Mr. Biden’s plan would subject the on-paper-only
gain of property and assets to new federal taxes when Americans transfer
ownership to the next generation. This progressive dream come true is a
nightmare for economic freedom in America.
On the campaign trail, Mr. Biden vowed that none of
his tax increases would hit the middle class. He claims eliminating “step-up in
basis”—the starting point for assessing capital-gains taxes—wouldn’t harm
America’s family farms and businesses.
When you’ve served in Congress as long as I have—I
arrived in the House in 1975 and the Senate in 1981—it’s not surprising to see
ghosts rise from the legislative cemetery. Consider the Tax Revenue Act of
1976. Big spenders figured they found a cash cow to milk by capturing a greater
share of inherited assets, in addition to the estate tax.
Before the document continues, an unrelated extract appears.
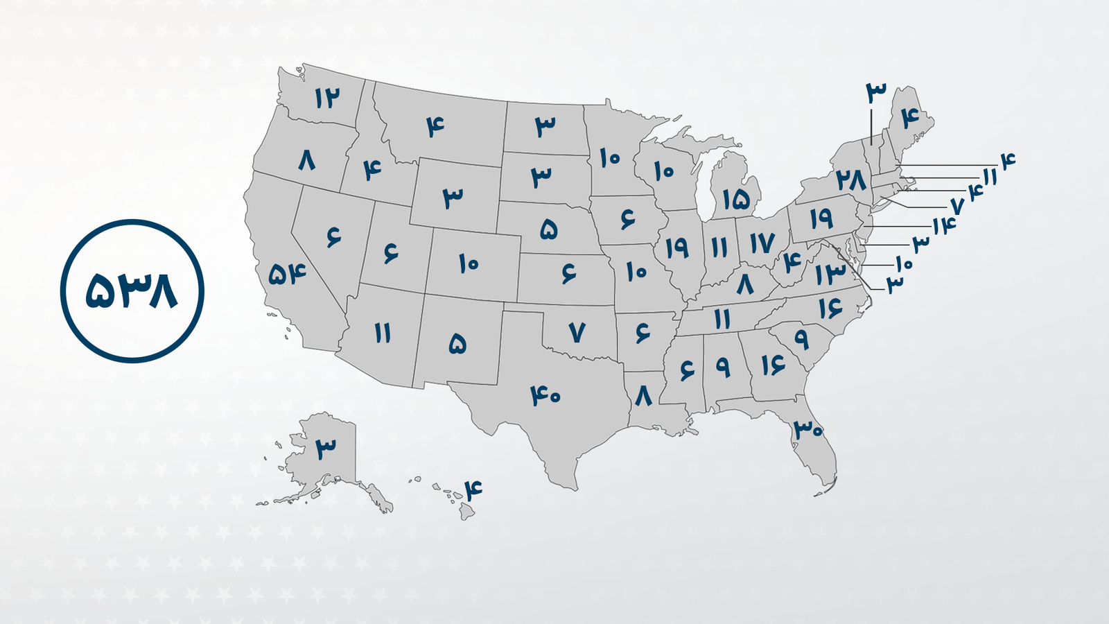 در مجموع ۵۳۸ رای الکترال وجود دارد. برنده نامزدی است که نصف + یک این آرا را به دست آورد و مرز پیروزی ۲۷۰ است.

The law sought to
impose carryover basis—applying capital gains taxes on the original purchase
price of assets on death to the beneficiaries of property, farmland, assets and
securities.
In practice, these changes would have chewed up
family farms and fractured the economic backbone of rural America. Looking
back, I see the 94th Congress poked a hornet’s nest in a classic case of
Potomac fever—a fixation to increase revenue and redistribute income. It stung
in farm country. Blessedly, its implementation was deferred not long after
President Ford’s signature.
In its first 22 months on the books, it created
heartburn in the heartland. Families faced the unthinkable: Uncle Sam could
snatch away a lifetime of effort at the hour of death. The estate tax was bad
enough. But now, if a family had to sell part of the farm to pay it, additional
taxes were triggered based on decades of paper gains in the value of the land.
The 1976 experiment shows how adding a new tax on top of the estate tax created
excessive paperwork, compliance costs and uncertainty. Family farms and
businesses operate on tight margins. They can’t afford to divert resources to
pay accountants and tax attorneys to untangle decades of appreciation and
depreciation on livestock, crops, machinery and farmland.
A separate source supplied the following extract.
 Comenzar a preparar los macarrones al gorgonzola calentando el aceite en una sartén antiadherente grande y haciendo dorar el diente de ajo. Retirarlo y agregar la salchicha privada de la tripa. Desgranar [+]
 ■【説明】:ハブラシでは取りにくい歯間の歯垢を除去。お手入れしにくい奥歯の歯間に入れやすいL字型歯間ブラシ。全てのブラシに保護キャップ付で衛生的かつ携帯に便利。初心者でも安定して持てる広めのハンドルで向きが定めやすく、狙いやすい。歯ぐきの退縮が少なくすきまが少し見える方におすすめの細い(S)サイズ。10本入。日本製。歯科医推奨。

Back then, I led a bicameral, bipartisan coalition
to hammer a nail in its coffin. At hearings in the House Ways and Means and
Senate Finance committees, we heard from farm families who built up their
livelihoods only to have those efforts taxed away by an unworkable,
confiscatory tax.
I introduced Arley Wilson, an Iowa “country lawyer”
who schooled policy makers on the impracticality and inefficiency of the tax
law. He brought 35 years of experience in probate to the table. He explained
how its application on top of the estate tax would be the “death knell” for
family farms and small businesses. Among other issues, it would require complex
reconstruction of the decedent’s assets, give rise to extended audits, and
trigger litigation for next of kin. Eliminating step-up in basis is another
post-death tax grab, adding punitive taxes on thrift, savings and investments.
Congress realized its mistake and voted in 1978 to
suspend carryover basis and repeal it in 1980—both with then-Sen. Biden’s
support. He’s forgotten the lesson he should have learned.
Four decades later Democrats want to dismantle a
century-old tax law that has stitched the economic and social fabric of American
agriculture together for generations. The 1921 Revenue Act codified step-up in
basis at death. It has allowed property and livelihoods to be passed on to the
next generation without a confiscatory tax.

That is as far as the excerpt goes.